Implementation Details
The replication system is implemented across several packages:
-
pkg/replication: Core replication functionality
- Primary implementation
- Replica implementation
- WAL streaming protocol
- Batching and compression
-
pkg/engine: Engine integration
- EngineFacade integration with ReplicationManager
- Read-only mode for replicas
-
pkg/client: Client SDK integration
- Node role discovery protocol
- Automatic operation routing
- Failover handling
Node Roles
Kevo supports three node roles:
-
Standalone: A single node with no replication
- Handles both reads and writes
- Default mode when replication is not configured
-
Primary: The single writer node in a replication cluster
- Processes all write operations
- Streams WAL entries to replicas
- Can serve read operations but typically offloads them to replicas
-
Replica: Read-only nodes that replicate data from the primary
- Process read operations
- Apply WAL entries from the primary
- Reject write operations with redirection information
Replication Manager
The ReplicationManager
is the central component of the replication system.
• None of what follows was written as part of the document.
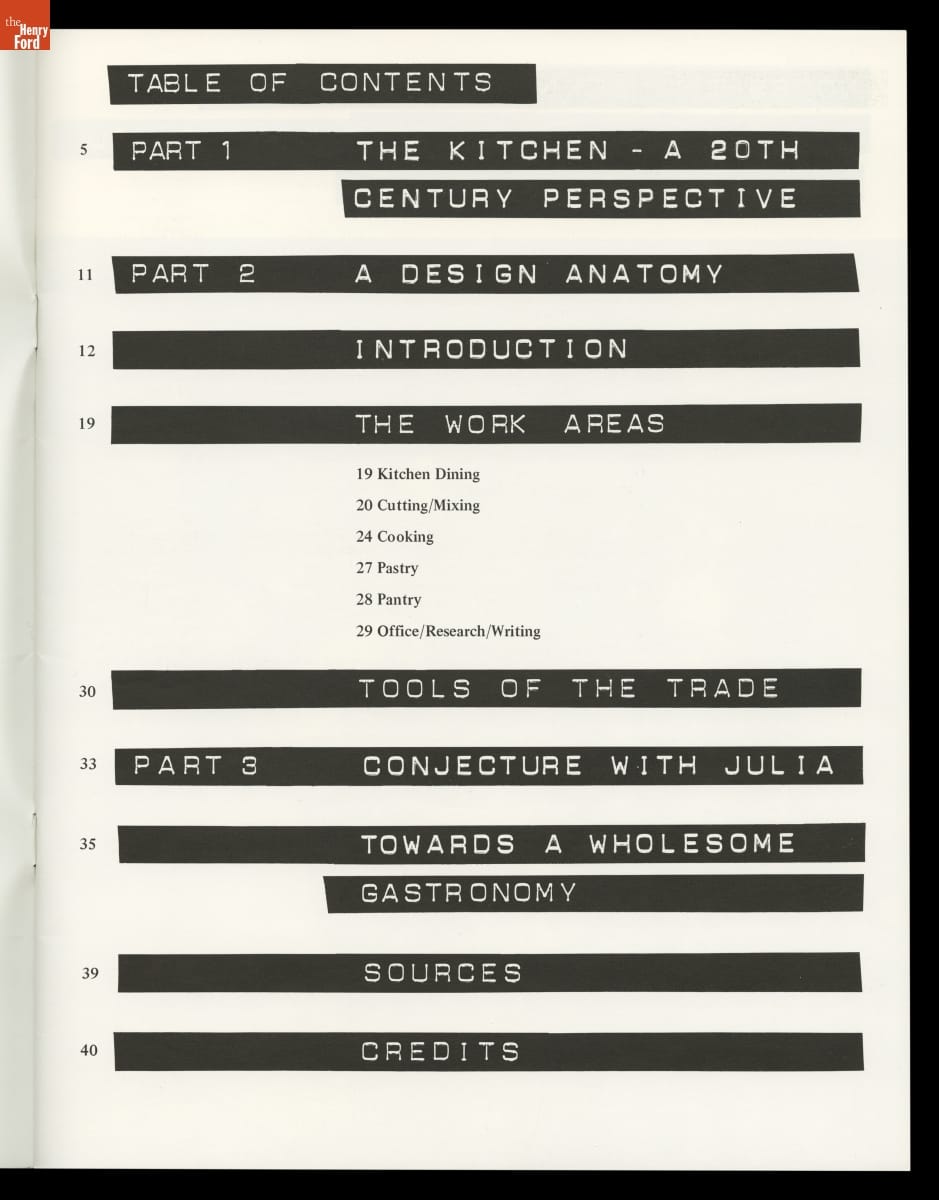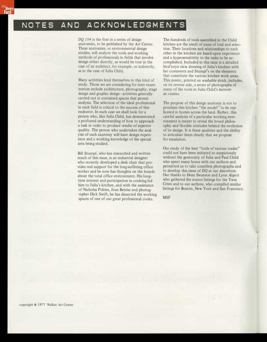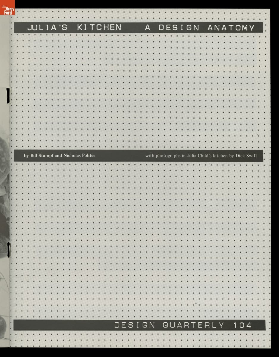 In 1977, "Julia's Kitchen: A Design Anatomy" was published as the first in a series of "design anatomies" by Design Quarterly. In this issue, designer Bill Stumpf and his team examined how Julia Child -- a chef well-versed in the functions of a kitchen -- designed her own kitchen. Numerous sketches and photographs, as well as hours of interviews with Paul and Julia Child, informed the issue.
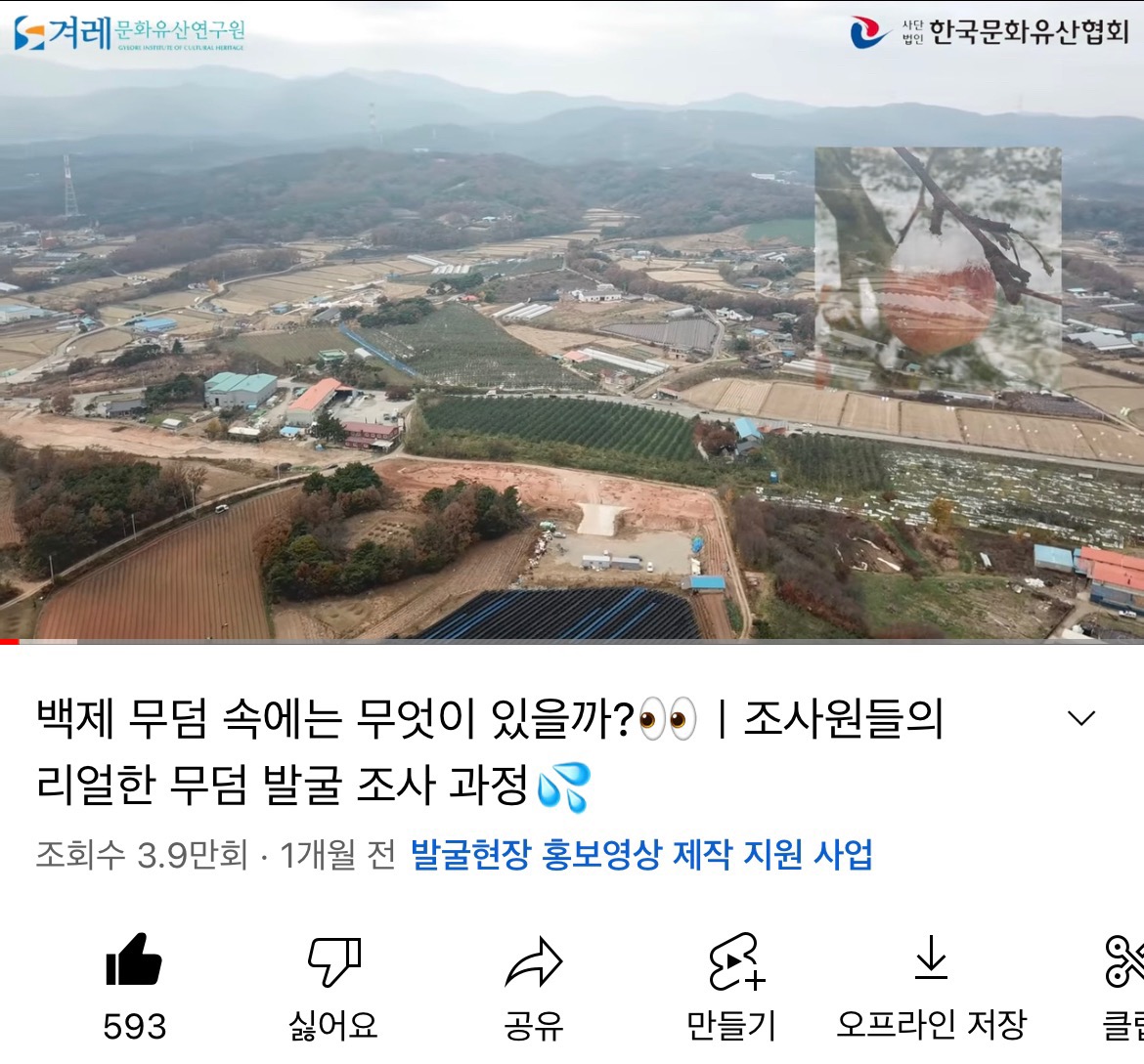 ‘백제 무덤에서 무엇이 발굴되었을까?’ 라는 호기심에 영상을 클릭했다면 끝에는 ‘문화유산을 위하여 묵묵히 자신의 역할을 하는 조사원들에게 감사하다.’라는 생각이 드시리라 생각합니다.

It:
- Handles node configuration and setup
- Starts the appropriate mode (primary or replica) based on configuration
- Integrates with the storage engine and WAL
- Exposes replication topology information
- Manages the replication state machine
Configuration
The ReplicationManager is configured via the ManagerConfig
struct:
type ManagerConfig struct {
Enabled bool // Enable replication
Mode string // "primary", "replica", or "standalone"
ListenAddr string // Address for primary to listen on (e.g., ":50053")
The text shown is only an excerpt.